Thyra::get_Epetra_MultiVector hangs in debug build if some (not all) procs have 0 rows
Created by: mhoemmen
We constructed a test that runs on 4 MPI processes. It builds an
Epetra_Map such that Processes 0 and 2 each have zero local rows, and Processes 1 and 3 each have 1 local row. The code invokes the following function on that Map:
Teuchos::RCP<const Epetra_MultiVector> Thyra::get_Epetra_MultiVector( const Epetra_Map &map, const MultiVectorBase<double> &mv );
(definition in thyra/adapters/epetra/src/Thyra_EpetraThyraWrappers.cpp).
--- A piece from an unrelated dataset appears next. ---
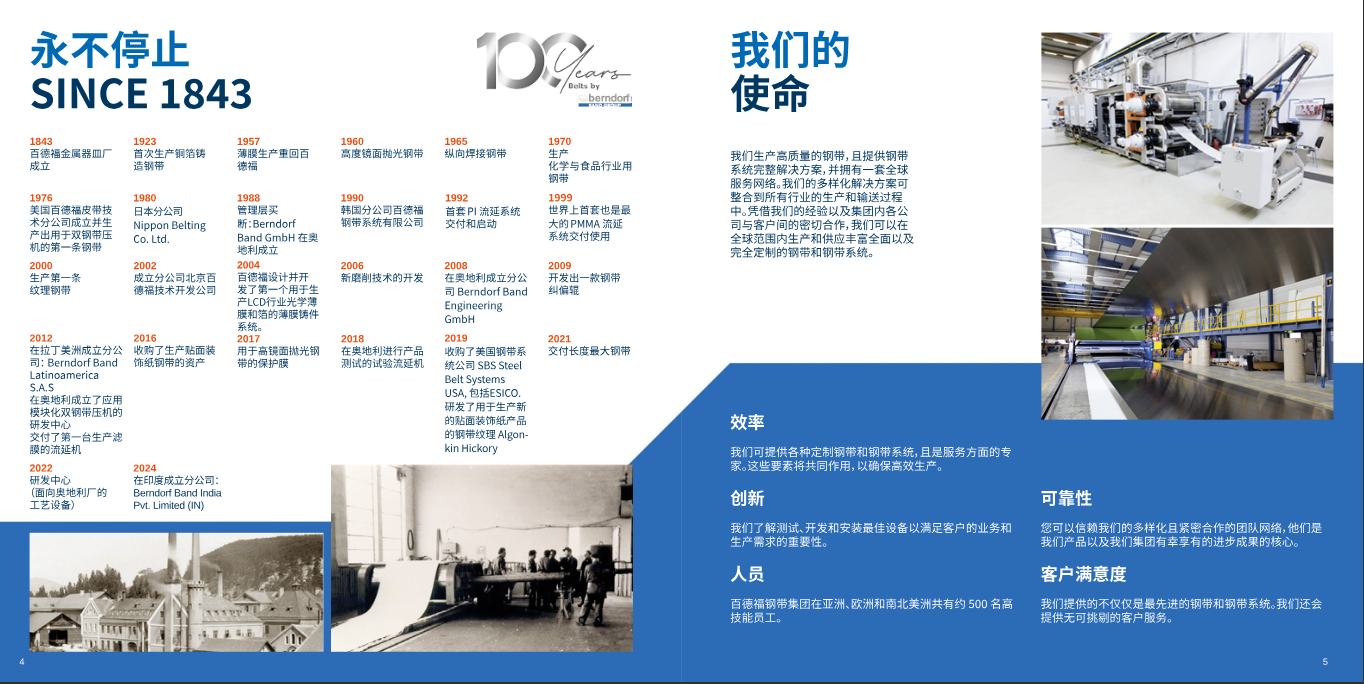 上海羅特鋼帶有限公司現為奧地利百德福鋼帶集團(Berndorf Band Group)全資子公司,奧地利百德福鋼帶集團(Berndorf Band Group)是全球鋼帶和鋼帶系統領域的領軍企業,總部位于奧地利貝恩多夫,業務覆蓋亞洲、歐洲、南北美洲,擁有約 500 名員工,出口率高達 90%。作為擁有百年歷史的「隱形冠軍」,其核心業務包括高精度鋼帶生產、定制化鋼帶系統解決方案及全球技術服務網絡,產品廣泛應用于復合材料、人造板、食品加工、薄膜制造等工業領域。

In that function, the processes with a nonzero number of rows return a new
Epetra_MultiVector. The other processes call an overload of
Thyra::get_Epetra_MultiVector in the same file, that takes a
const Epetra_Map& and an
RCP<const MultiVectorBase<double> >. That function has a
TEUCHOS_DEBUG bit of code that creates a Thyra vector space and checks it.
The problem is that
Thyra::create_VectorSpace creates a
Teuchos::Comm, which does a collective (at least in a debug build -- hopefully ONLY in a debug build, else Thyra is not being as efficient as it could be). (If I insert a barrier after the Comm creation, the code hangs.)
The right fix would be to change the first
get_Epetra_MultiVector overload so that it does not defer to the second overload. Each of these functions should only ever be called collectively on all processes in the input Map's communicator.
We already have a test that demonstrates this. I will add it to Thyra, along with the fix.